| Data provided |
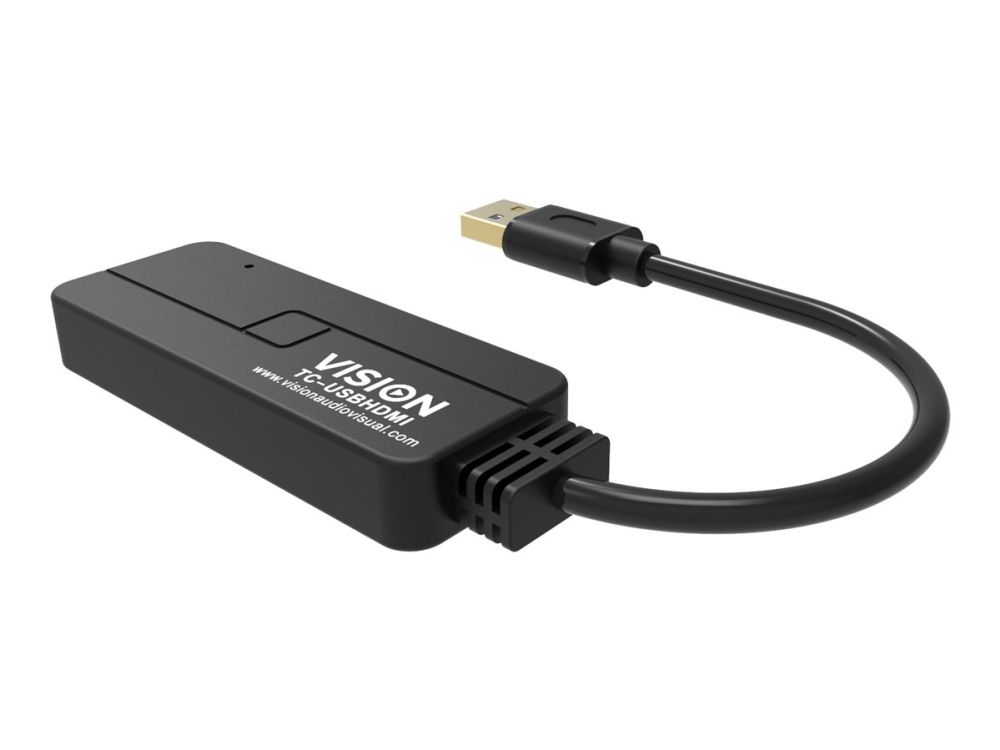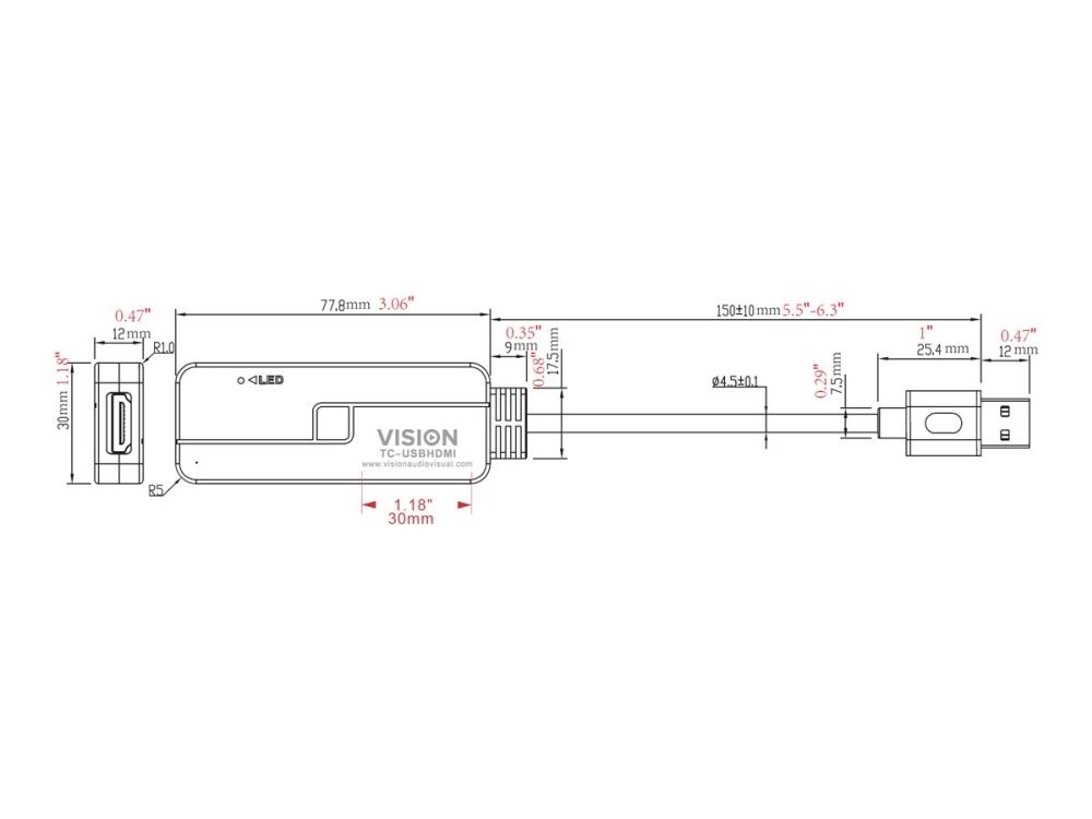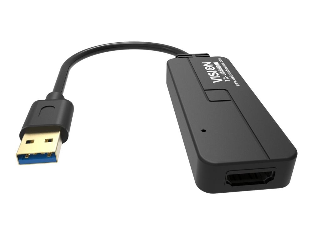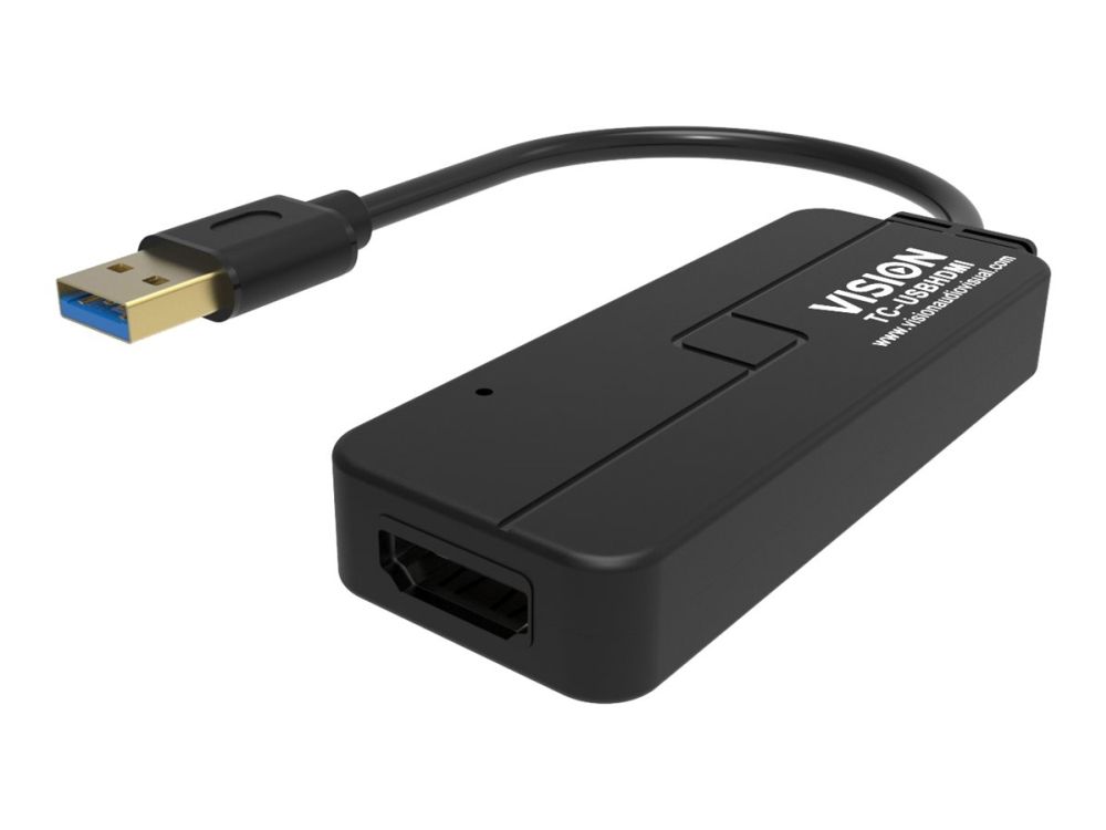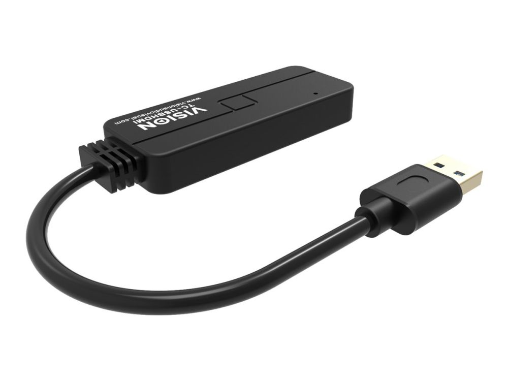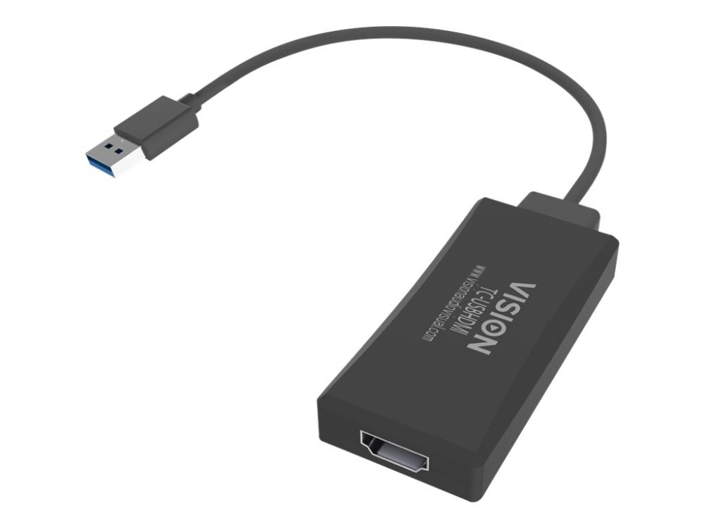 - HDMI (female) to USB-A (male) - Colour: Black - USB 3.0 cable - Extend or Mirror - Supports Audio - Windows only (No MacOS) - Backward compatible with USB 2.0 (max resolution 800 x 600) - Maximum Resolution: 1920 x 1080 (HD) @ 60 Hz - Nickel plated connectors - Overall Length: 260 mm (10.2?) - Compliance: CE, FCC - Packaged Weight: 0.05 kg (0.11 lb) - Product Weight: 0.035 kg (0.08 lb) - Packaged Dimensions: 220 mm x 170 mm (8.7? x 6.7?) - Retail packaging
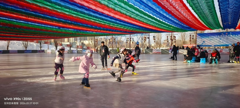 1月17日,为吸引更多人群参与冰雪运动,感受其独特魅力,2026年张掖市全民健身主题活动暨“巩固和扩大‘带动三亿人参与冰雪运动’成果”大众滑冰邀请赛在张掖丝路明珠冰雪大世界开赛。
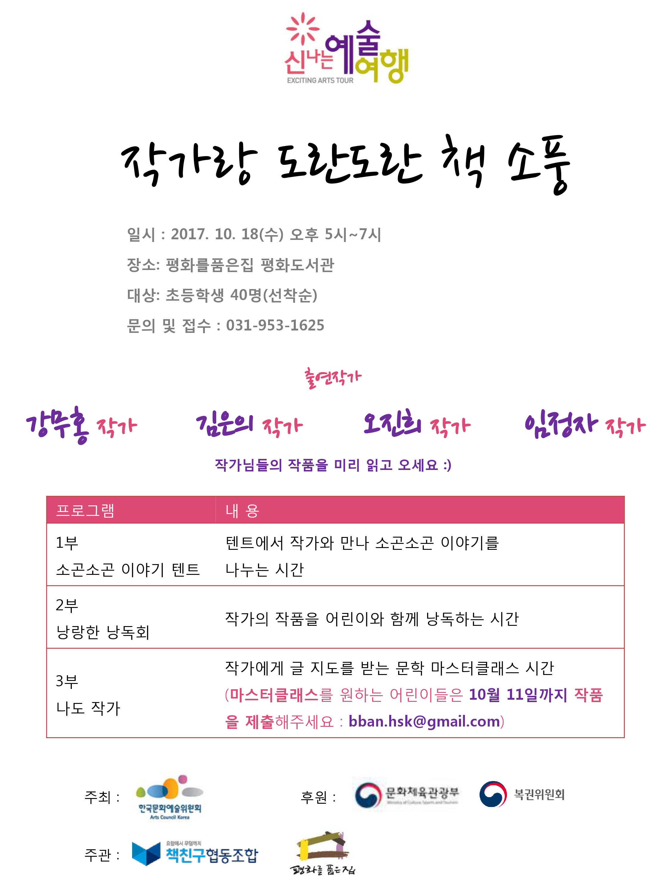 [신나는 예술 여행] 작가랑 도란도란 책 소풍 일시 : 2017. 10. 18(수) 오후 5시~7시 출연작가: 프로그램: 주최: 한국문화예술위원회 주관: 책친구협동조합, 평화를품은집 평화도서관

| Task requirements |
Give again, word for word, only the lines from the line containing "1月17日,为吸引更多人群参" through the last line above, both included; leave the pictures out.

| Answer for this exercise |
 1月17日,为吸引更多人群参与冰雪运动,感受其独特魅力,2026年张掖市全民健身主题活动暨“巩固和扩大‘带动三亿人参与冰雪运动’成果”大众滑冰邀请赛在张掖丝路明珠冰雪大世界开赛。
 [신나는 예술 여행] 작가랑 도란도란 책 소풍 일시 : 2017. 10. 18(수) 오후 5시~7시 출연작가: 프로그램: 주최: 한국문화예술위원회 주관: 책친구협동조합, 평화를품은집 평화도서관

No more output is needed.